WASHINGTON, D.C., Nov. 15 (DPI) — Every generation or so, America falls into collective despair, a cyclical sense of decline brought on by a bad economy or lousy leadership. And every time, one way or another, the nation snaps out of it.
But these days the sense of pessimism, especially among young people, feels worse than ever. Based on today’s public-opinion polls, there’s a national sense Things Will Never Get Better.
Ongoing comparisons with The Depression may sound compelling, but they are largely misplaced and not very meaningful, according to historians and economists — and even according to opinions of the elderly, who experienced it.
For starters, the US economy — and the global economy — bear no resemblance to those of 70 years ago, or even 30 years ago. The massive accumulation of wealth, the rise in living standards, longer life expectancies, the eradication of major diseases and hunger, huge strides in productivity spurred by technology, and the interconnectedness of world markets of all kinds, well, have conspired to create a different world.
The root of America’s problems is political and in the way we govern ourselves, many agree. Two dominant political parties, with large well-funded constituencies, and with competing visions, are unable to forge any kind of long-term policy framework — for taxation, for public debts, for entitlements and other spending.
As a result the private sector is unwilling to act — to invest or hire — until it receives a clear message from public policymakers. So far, private employers are sitting on their hands, and on their cash.

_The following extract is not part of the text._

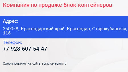 Компания по продаже блок-контейнеров по адресу 350058, Краснодарский край, Краснодар, Старокубанская, 116 в дальнейшем Организация, размещена в следующих категориях:
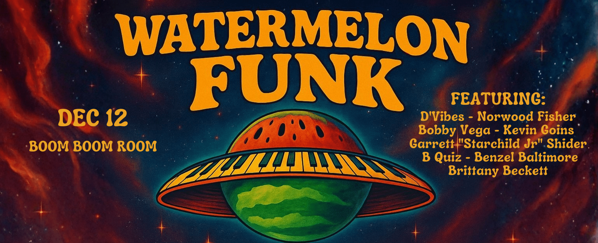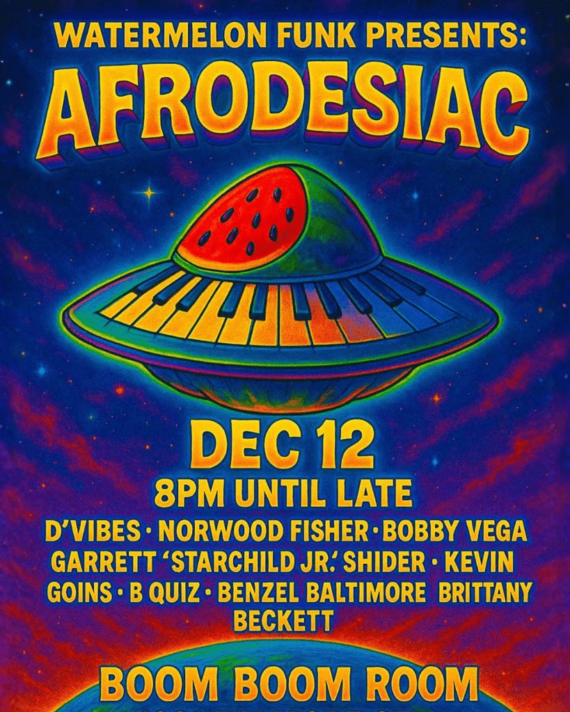 Watermelon Funk is a genre-defying collective led by Grammy-nominated musician and producer Deshawn “Dvibes” Alexander, keys player for Christone “Kingfish” Ingram. The band blends deep funk, soul, jazz, and hip-hop into an electrifying experience that moves both spirit and body. Featuring an all-star lineup of funk royalty and rising innovators: Starchild Jr. – (aka Garrett Shider), son of P-Funk legend Garry Shider, ~ Guitar and Vocals | Benzel Baltimore – (Benjamin Cowan), powerhouse drummer for George Clinton and P-Funk ~ Drums | Kevin Goins – brother of Glenn Goins and former frontman of Quazar and P-Theory, ~ Vocals | Norwood Fisher – Original member of Fishbone ~ Bass | Bobby Vega – Etta James ~ Bass | Brittney Beckett ~ Vocals | Bryce “B Quiz” Quinn ~ Guitar.

It is a “Cold Civil War” – and it’s been going on since the 90s, and only worsened since then. This “war” threatens our future, on many levels, but ironically the relatively stable economy — it may feel horrible, but it’s still growing — has forestalled the kind of crisis required for political action.
The events of September 2008 triggered sudden action — in the form of a stimulus and rescue of the banking system – but since then Washington has slithered back to a predictable inertia, and resistance to reform itself.
Why is the economy holding up? A big reason: The modern pension system, both public and private. Widespread guaranteed benefits for the elderly simply did not exist in the Great Depression — indeed, the Social Security Act was a response to the Depression — and the absence of benefits exacerbated the suffering throughout that period.
Today total US pension assets, public and private, are roughly $16 trillion, slightly greater than US GDP:
The pension system — and the expansion of it following the passage in 1974 of the Employee Retirement Income Security Act (ERISA) — is one of the unsung counterweights to America’s current economic problems. The pension system is a true safety net — just not for the young and unemployed.
With checks sent every month to the elderly, America’s problems of excessive debt and low employment growth are at least offset, for now.
Yes, unfunded pension liabilities — promises not yet set-aside for — are by some estimates three times the size of the pension system itself. But that problem will likely be resolved through pension reform, such as cutting benefits, eliminating cost-of-living increases and raising the retirement age, an especially sensible move when life expectancy keeps climbing. Indeed, in states like New Jersey it is already happening.
The pension system, too, has empowered the elderly politically. The elderly naturally don’t want to see their fixed incomes hurt by inflationary policies, and, like the elderly in Japan, American retirees are a potent voting bloc. They influence policy every day. That’s why greater fiscal stimulus is unlikely, and a Japan-style slow-crawl recovery is likely to continue.
The growth and the success of the public and private pension system is reason for something else: The policy actions of the US central bank, The Federal Reserve. The Fed has maintained interest rates at such low levels that investors are forced to bid up prices of other assets, particularly stocks. Many private observers regard such action as an artificial inflation of asset values — but, with a pension system highly reliant on rising stock values, it’s a prudent course of action.